Methods & Materials: This quasi-experimental study involved 78 mother-child dyads diagnosed with congenital heart disease and undergoing corrective surgery at the Shaheed Rajaie Cardiovascular Hospital in Tehran. The samples were divided to one of two groups: an intervention group (n=40) and a control group (n=38). Convenience sampling was employed to select participants during the 2023-2024 period. Data were collected using the TNO-AZL Preschool Quality of Life Scale across four assessment stages. The intervention group participated in 11 sessions of the family-based care transition program, while the control group followed routine discharge protocols. Data were analyzed using SPSS software version 22, employing independent t-tests, the Bonferroni test, and both one-way and two-way repeated measures analysis of variance.

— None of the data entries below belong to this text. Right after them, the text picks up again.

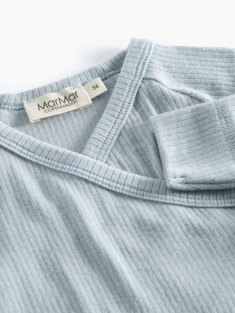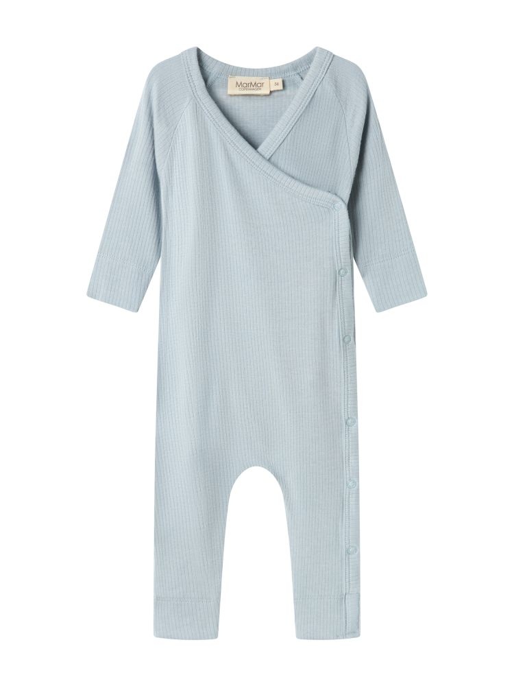 De MarMar Copenhagen overslag jumpsuit in zacht blauw is een comfortabele en stijlvolle keuze voor je baby. Dit boxpakje is gemaakt van een ribgebreide jersey van 95% modal en 5% elastaan, wat zorgt voor een soepel en rekbaar draagcomfort. Dankzij de overslagsluiting met drukknopen is het pakje eenvoudig aan en uit te trekken, ideaal voor dagelijks gebruik. De lange mouwen en nauwsluitende pasvorm bieden warmte en bewegingsvrijheid, terwijl de frisse blauwe kleur een tijdloze uitstraling geeft.
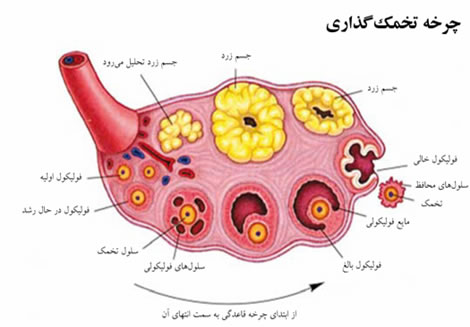 ۵) قشر تخمدان: حاوی فولیکولهای تخمدانی و ماده زمینهای در بین آنهاست. هر فولیکول از خارج به داخل به ترتیب شامل سلولهای کومولوس اووفوروس، سلولهای گرانولوزا، بخش تاج شعاعی (کورورنا رادیاتا)، لایه شفاف (زونا پلاسیدا)، لایه «تکا»، حفره (آنتروم) فولیکول، مایع فولیکولی و بالاخره تخمک ابتدایی است. همچنین درون تخمدان جسم زرد (کورپوس لوتئوم) وجود دارد که پس از تخمکگذاری از باقیمانده سلوهای فولیکولی تشکیل میشود و هورمونهای جنسی زنانه را تولید میکند.
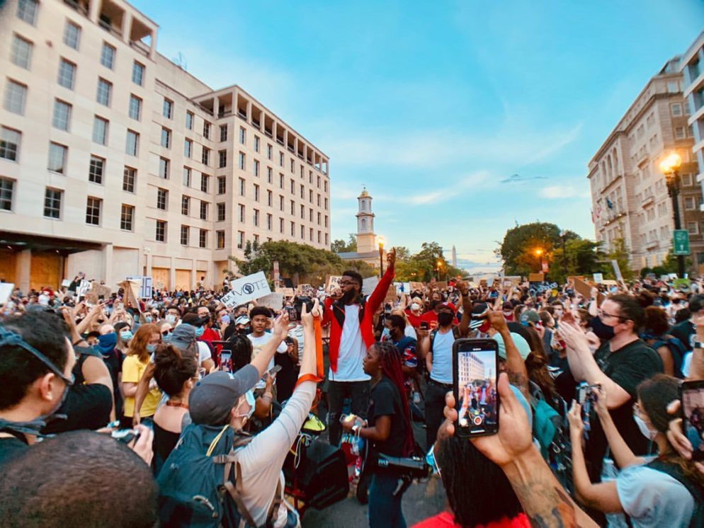 방에서 벗어나 이어폰을 빼고 광장에서 듣는 노래의 힘은 어떨까? 인종 차별 항의 집회에서 대중들이 ‘Lean on me’를 따라 부르고 있다. washingtonian.com에서 인용.
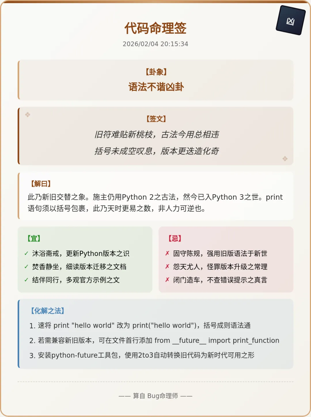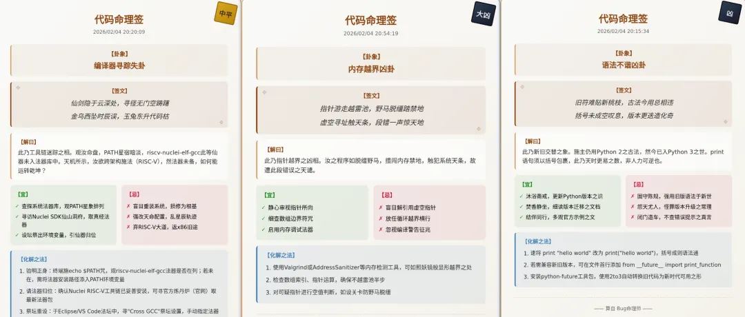 deepseek 的代码能力实在是不敢恭维,这是用 kimi K2.5 写的,提示词:突然想到一个点子,在程序员群里,经常有人问问题不带报错日志截图,群友就会说,没有日志我能做的只是帮你算一卦,我们来做一个好玩的,创建一个 python 脚本,运行一个网页服务,前端有一个输入框,用户输入报错信息后调用大模型API分析报错的命理,然后以固定的模板生成可保存的图片,注意不用真的生成图片,用网页来制作,然后保存为图片即可
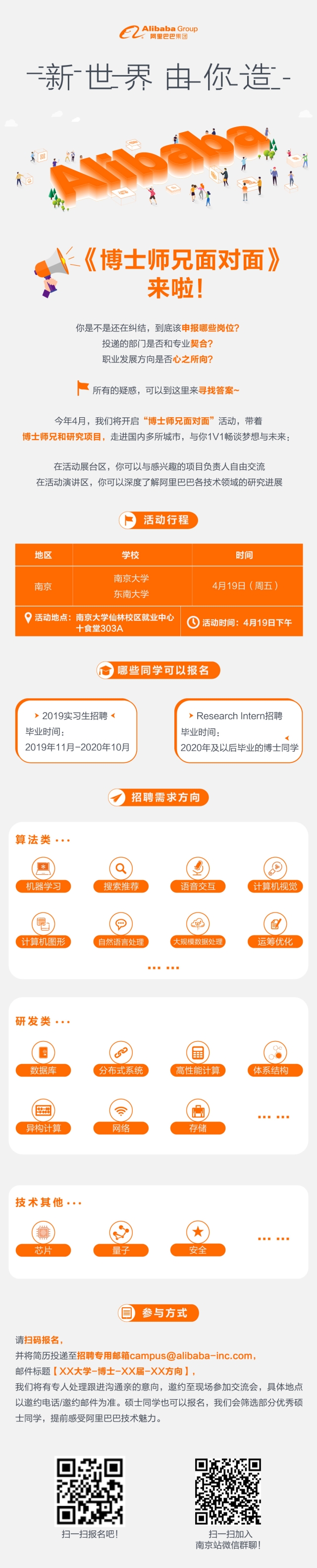 请扫码报名,并将简历投递至招聘专用邮箱campus@alibaba-inc.com,邮件标题【XX大学-博士-XX届-XX方向】,我们将有专人处理跟进沟通亲的意向,邀约至现场参加交流会,具体地点以邀约电话/邀约邮件为准。硕士同学也可以报名,我们会筛选部分优秀硕士同学,提前感受阿里巴巴技术魅力。
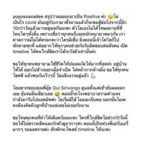 “สรุปว่าผลออกมาเป็น Positive ค่ะ ไม่เป็นไร covid มันอยู่กับเรามาตั้งนานแล้วก็จะขอสู้ต่อไปจากนี้อีก 10 กว่าวันแล้วมารอดูผลกันนะคะ ตัวโยเองไม่ได้โทษสถานที่ที่ไหนใดๆทั้งสิ้น เพราะเชื่อว่าทุกคนก็เจอหนักหนามาพอๆกัน เราคาดการณ์ไม่ได้หรอกคะว่าใครมีเชื้อ ยิ่งตอนนี้เจ้าโควิดก็ไปทักทายทุกที่ แต่อยากให้ทุกๆคนช่วยกันรับผิดชอบต่อสังคม เปิด timeline ให้คนใกล้ชิดเราได้ระวังตัวเท่านั้นค่ะ
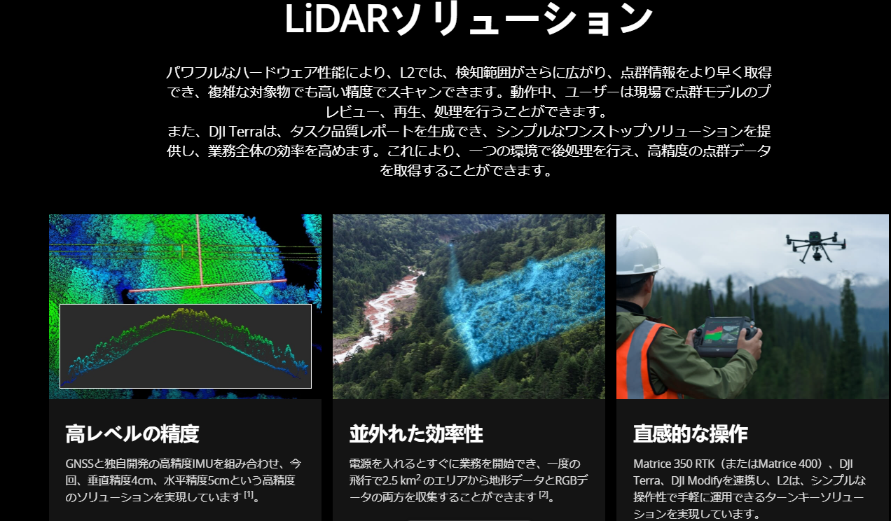 L2の最大の武器は、植生(木や草)があっても地表面のデータが取れること。 これで現場の伐採作業の手間が省け、大幅な省力化が実現します。
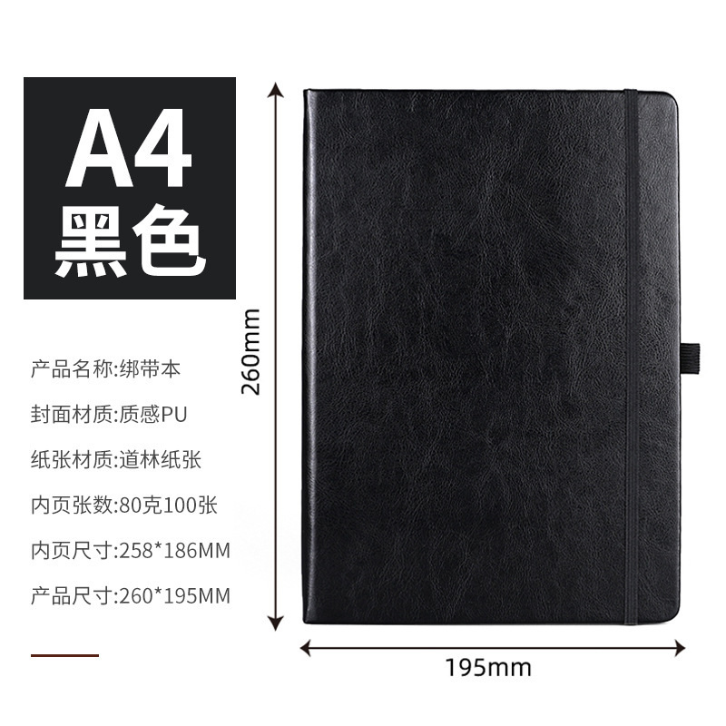 A4 — блокнот с твердым ремешком — черный.
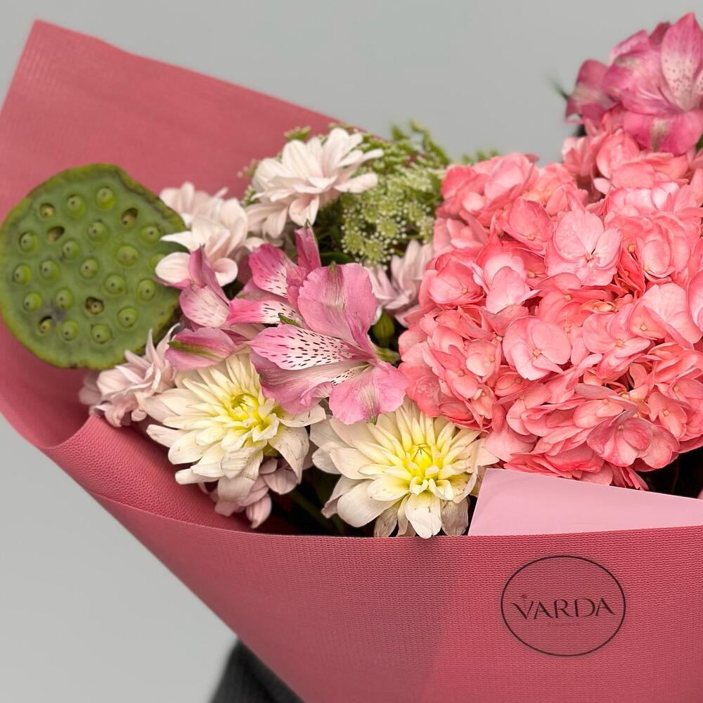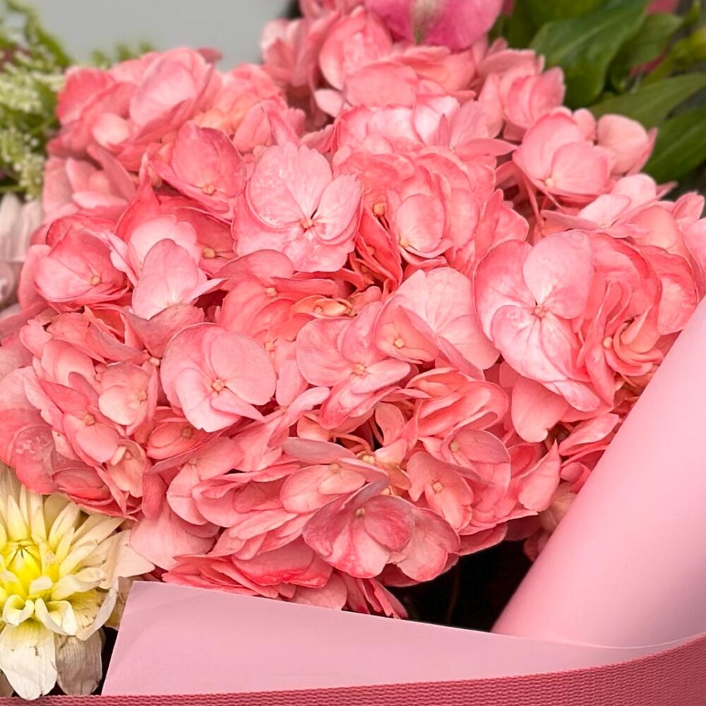 Альстромерии, Гортензии, Кустовые розы, Лизиантусы, Розы, Хризантемы
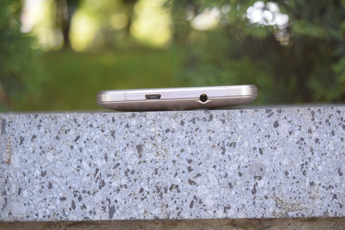 În exterior regăsim jack-ul de 3.5 mm şi portul microUSB în zona superioară, în lateral dreapta se află butonul de power, în timp ce în lateral stânga se găsesc tastele pentru reglarea volumului.
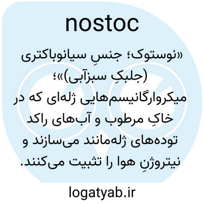 «نوستوک؛ جنسِ سیانوباکتری (جلبکِ سبزآبی)»؛ میکروارگانیسم‌هایی ژله‌ای که در خاکِ مرطوب و آب‌های راکد توده‌های ژله‌مانند می‌سازند و نیتروژنِ هوا را تثبیت می‌کنند.
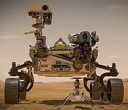 There are two functional rovers on the surface of Mars, the Curiosity and Perseverance rovers, both operated by the American space agency NASA. Perseverance was accompanied by the Ingenuity helicopter, which scouted sites for Perseverance to study before the helicopter's mission ended in 2024.[4] The Zhurong rover, part of the Tianwen-1 mission by the China National Space Administration (CNSA)[5][6] was active until 20 May 2022 when it went into hibernation due to approaching sandstorms and Martian winter; the rover was expected to wake up from hibernation in December 2022, but as of April 2023 it has not moved and is presumed to be permanently inactive.[7]

Results: Within-group comparisons showed a significant increase in quality of life scores for both the intervention and control groups (P<0.001), with the intervention group indicating a more pronounced improvement. However, between-group comparisons showed no significant differences in quality of life scores at baseline, immediately post-intervention, or one month post-discharge. Notably, a significant difference was observed three months post-discharge (P=0.003).
Conclusion: The implementation of a family-based care program may improve the health-related quality of life of children with congenital heart disease undergoing surgery. These findings suggest that pediatric nurses can utilize family-centered interventions to improve the health-related quality of life of these children.